Rechinul was very similar to NMS Marsuinul (the porpoise). The two submarines had a lot in common, and were built around the same period.

==Career==
Rechinul was a minelaying submarine, designed by Ingenieurskantoor voor Scheepsbouw (IvS), and built at the Galați shipyard in Romania. She was laid down in 1938 and launched on 22 May 1941. She had the same power plant as her sister ship, with a slightly faster surface top speed of 17 knots, due to her standard (surfaced) displacement of 585 tons (35 tons lighter than her sister). Her submerged top speed was however the same, 9 knots. She was armed with four 533 mm torpedo tubes, one 20 mm anti-aircraft gun, and could carry up to 40 mines.

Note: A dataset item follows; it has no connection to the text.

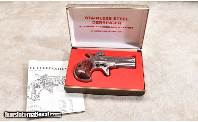 Description: The Derringer is the iconic self-defense pocket pistol. This one features stainless steel construction for easy maintenance, and fixed sights for reliable pointing. With the .22 Hornet chambering comes that "little bit of extra" that can make :all the difference." It is in excellent, apparently unfired, condition. .22 Hornet SOLD Chambers: 2 rounds Metal Condition: Excellent. Wood Condition: Excellent. Bore Condition: Shiny and bright with good rifling. Barrels: 3 inches Triggers: Factory single action spur trigger. Butt Pad: Smooth hardwood. Weight: 19 ounces Sights: Fixed post and notch. Item Location: Rogers |
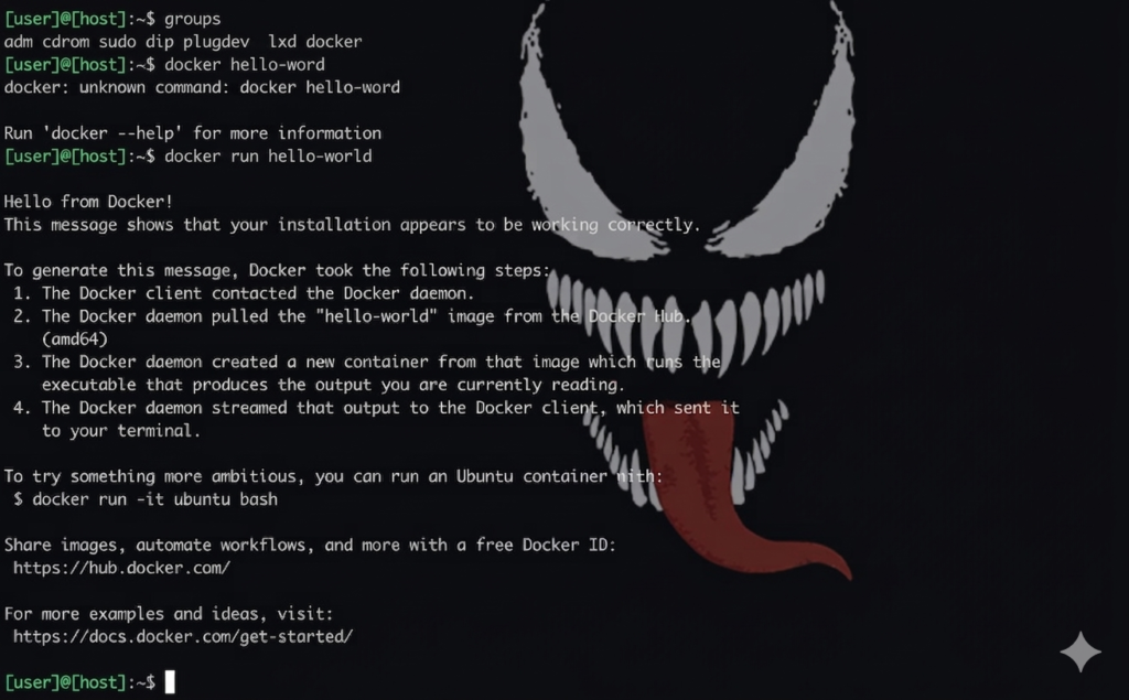3. Verify: Type groups. If docker appears in the list, it’s permanently installed

Rechinuls career was more eventful than her sister's, as she carried out two patrol missions. Her first mission took place during the 1944 evacuation of the Crimea, between 20 April and 15 May. Initially, she was only tasked with patrolling the Turkish coast, but on 30 April, she was tasked with the surveillance of the Soviet port of Batumi. The information on Soviet naval movements she transmitted during her mission proved to be very useful to the German and Romanian ships which were carrying out the evacuation of Sevastopol. Her second and last mission consisted in a patrol off the Soviet port of Novorossyisk, between 15 June and 27 July. She was heavily pursued and hunted by Soviet forces, but just like her sister, she managed to return to Constanța without any losses. This was the last Romanian submarine patrol of the war, and with a length of over 40 days, the longest in Romanian submarine history.

==Fate==
Rechinul was, just like Marsuinul, captured by Soviet forces after the 23 August 1944 coup, and commissioned as TS-1 on 20 October 1944. She was returned to Romania in 1951. She was withdrawn from active service by 1961 and finally scrapped in 1967.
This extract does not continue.